Allow saturation calculation to run on merged objects, and to run on ADT/HTO data

bbimber · bbimber · commit 6b6efeb14af0 · 2021-10-28T12:40:31.000-07:00
diff --git a/singlecell/resources/chunks/AppendSaturation.R b/singlecell/resources/chunks/AppendSaturation.R
@@ -1,22 +1,12 @@
 for (datasetId in names(seuratObjects)) {
     seuratObj <- seuratObjects[[datasetId]]
     seuratObjects[[datasetId]] <- NULL
-    molInfoFile <- molInfoFiles[[datasetId]]
-    if (is.null(molInfoFile)) {
-        stop(paste0('Unable to find molInfo file for: ', datasetId))
-    }
 
     if (!'DatasetId' %in% names(seuratObj@meta.data)) {
         stop('Seurat object lacks a DatasetId field!')
     }
 
-    datasetId <- unique(seuratObj$DatasetId)

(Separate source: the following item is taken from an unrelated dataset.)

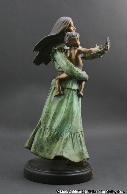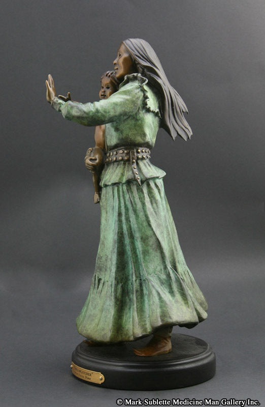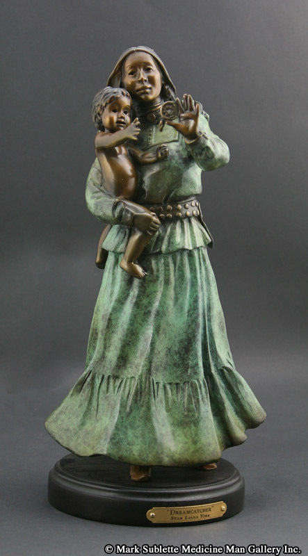 10″"A custom practiced by some Plains Indian tribes was fashioning a leather wrapped circle and tying string through its middle in the pattern of a spider web. An opening was left in the center of the web to which was attached various good luck charms. Fastening the talisman to the head of a cradleboard allowed the child’s good dreams to pass through the web’s hole, trapping the malevolent forces in the web. The Apache woman has traded for the talisman – called a Dreamcatcher – and views it in wonder and hope for her young child’s future... determined to give the child every advantage – using magic and mysticism to insure the child’s well being." - Star Liana York

-    if (length(datasetId) != 1) {
-        stop('Saturation can only be computed from single-dataset seurat objects!')
-    }
-
-    seuratObj <- CellMembrane::AppendPerCellSaturation(seuratObj, molInfoFile = molInfoFile, cellbarcodePrefix = paste0(datasetId, '_'))
-
+    seuratObj <- CellMembrane::AppendPerCellSaturationInBulk(seuratObj, molInfoList = molInfoFiles[[datasetId]])
     newSeuratObjects[[datasetId]] <- seuratObj
 
     # Cleanup
diff --git a/singlecell/resources/chunks/SaveData.R b/singlecell/resources/chunks/SaveData.R
@@ -19,7 +19,9 @@ for (datasetId in names(newSeuratObjects)) {
     savedFiles <- rbind(savedFiles, data.frame(datasetId = datasetId, datasetName = datasetName, filename = fn, outputFileId = outputFileId))
 
     # Write cell barcodes and metadata:
-    write.table(seuratObj@meta.data, file = metaFile, quote = F, row.names = F, sep = ',', col.names = F)

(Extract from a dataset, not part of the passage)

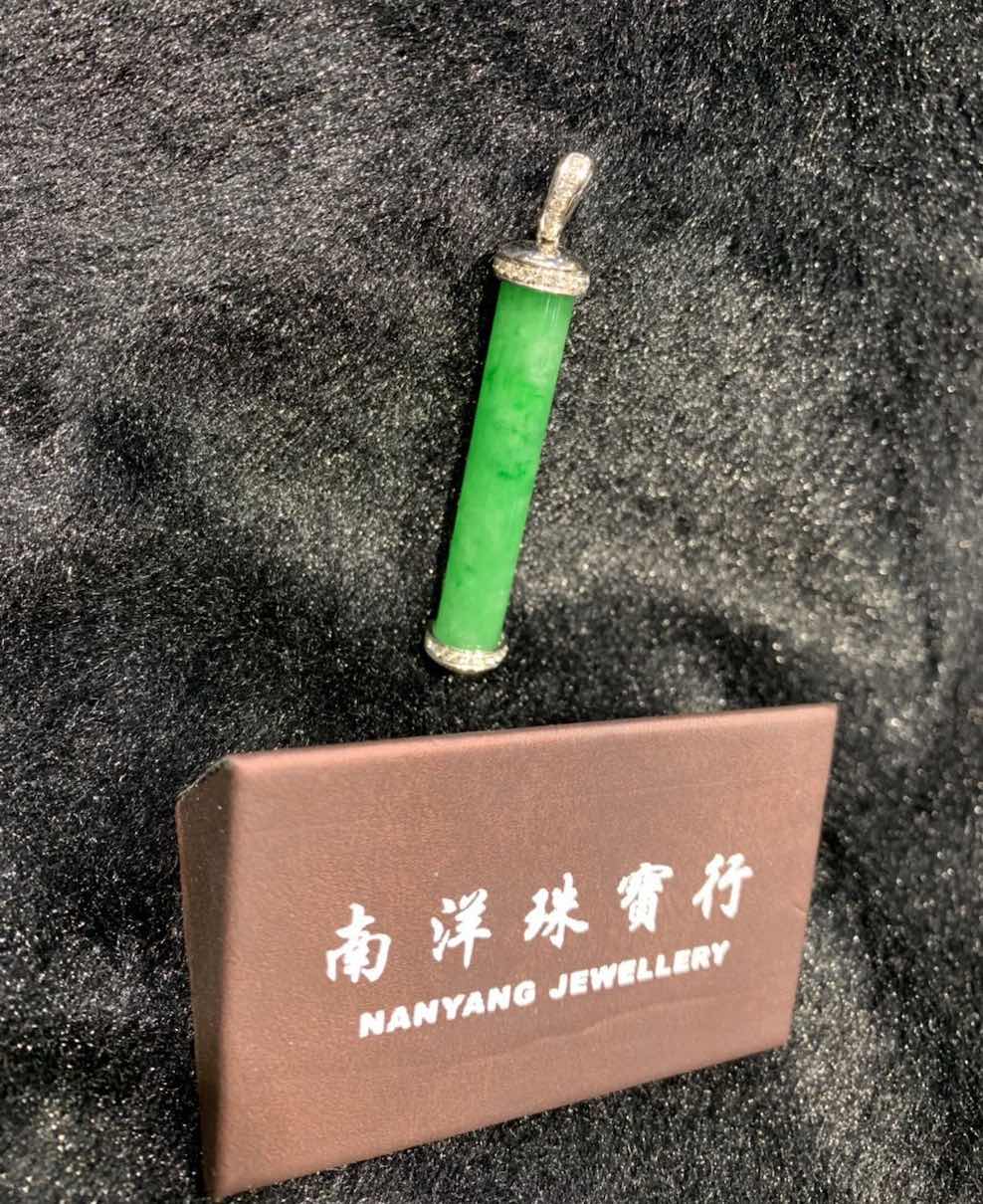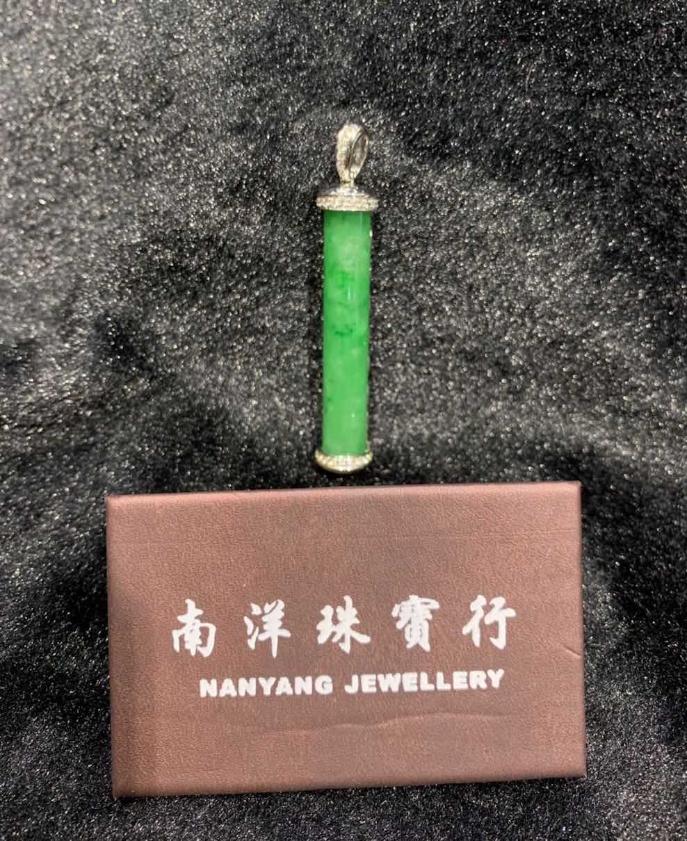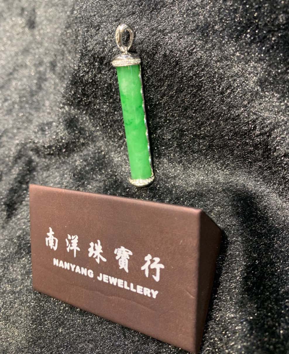 a perfect jadeite stone is carved into a pillar-shape pendant, it has very vivid and rare vibrant green colour with highly translucent quality. it is deigned into a jadeite pendant in 18k white gold and diamonds.

+    metaDf <- seuratObj@meta.data
+    metaDf$cellbarcode <- colnames(seuratObj)
+    write.table(metaDf, file = metaFile, quote = F, row.names = F, sep = ',', col.names = T)
     write.table(data.frame(CellBarcode = colnames(seuratObj)), file = barcodeFile, quote = F, row.names = F, sep = ',', col.names = F)
 }
 
diff --git a/singlecell/src/org/labkey/singlecell/pipeline/singlecell/AppendSaturation.java b/singlecell/src/org/labkey/singlecell/pipeline/singlecell/AppendSaturation.java
@@ -3,20 +3,34 @@
 import au.com.bytecode.opencsv.CSVReader;
 import au.com.bytecode.opencsv.CSVWriter;
 import org.apache.commons.io.FileUtils;
+import org.apache.commons.lang3.StringUtils;
+import org.labkey.api.data.Container;
+import org.labkey.api.data.SimpleFilter;
+import org.labkey.api.data.Sort;
+import org.labkey.api.data.TableSelector;
+import org.labkey.api.pipeline.PipelineJob;
 import org.labkey.api.pipeline.PipelineJobException;
+import org.labkey.api.query.FieldKey;
+import org.labkey.api.query.QueryService;
 import org.labkey.api.reader.Readers;
 import org.labkey.api.sequenceanalysis.SequenceOutputFile;
 import org.labkey.api.sequenceanalysis.pipeline.AbstractPipelineStepProvider;
 import org.labkey.api.sequenceanalysis.pipeline.PipelineContext;
 import org.labkey.api.sequenceanalysis.pipeline.SequenceOutputHandler;
 import org.labkey.api.singlecell.pipeline.SingleCellStep;
+import org.labkey.api.util.PageFlowUtil;
 import org.labkey.api.writer.PrintWriters;
+import org.labkey.singlecell.SingleCellSchema;
 
 import java.io.File;
 import java.io.IOException;
 import java.util.ArrayList;
 import java.util.Arrays;
+import java.util.HashMap;
+import java.util.HashSet;
 import java.util.List;
+import java.util.Map;
+import java.util.Set;
 
 import static org.labkey.singlecell.analysis.ProcessSingleCellHandler.LOUPE_TYPE;
 
@@ -48,20 +62,72 @@ public void init(SequenceOutputHandler.JobContext ctx, List<SequenceOutputFile>
     {
         try (CSVWriter writer = new CSVWriter(PrintWriters.getPrintWriter(getMolInfoTable(ctx))))
         {
+            Map<Integer, SequenceOutputFile> loupeOutputs = new HashMap<>();
             for (SequenceOutputFile so : inputFiles)
             {
                 if (!LOUPE_TYPE.isType(so.getFile()))
                 {
-                    throw new PipelineJobException("All input files must be loupe files to use sequence saturation");
+                    File meta = new File(so.getFile().getPath().replaceAll(".rds", ".cellBarcodes.csv"));
+                    if (!meta.exists())
+                    {
+                        throw new PipelineJobException("Cannot find expected metadata file: " + meta.getPath());
+                    }
+
+                    Set<Integer> uniqueIds = new HashSet<>();
+                    try (CSVReader reader = new CSVReader(Readers.getReader(meta), '_'))
+                    {
+                        String[] line;
+                        while ((line = reader.readNext()) != null)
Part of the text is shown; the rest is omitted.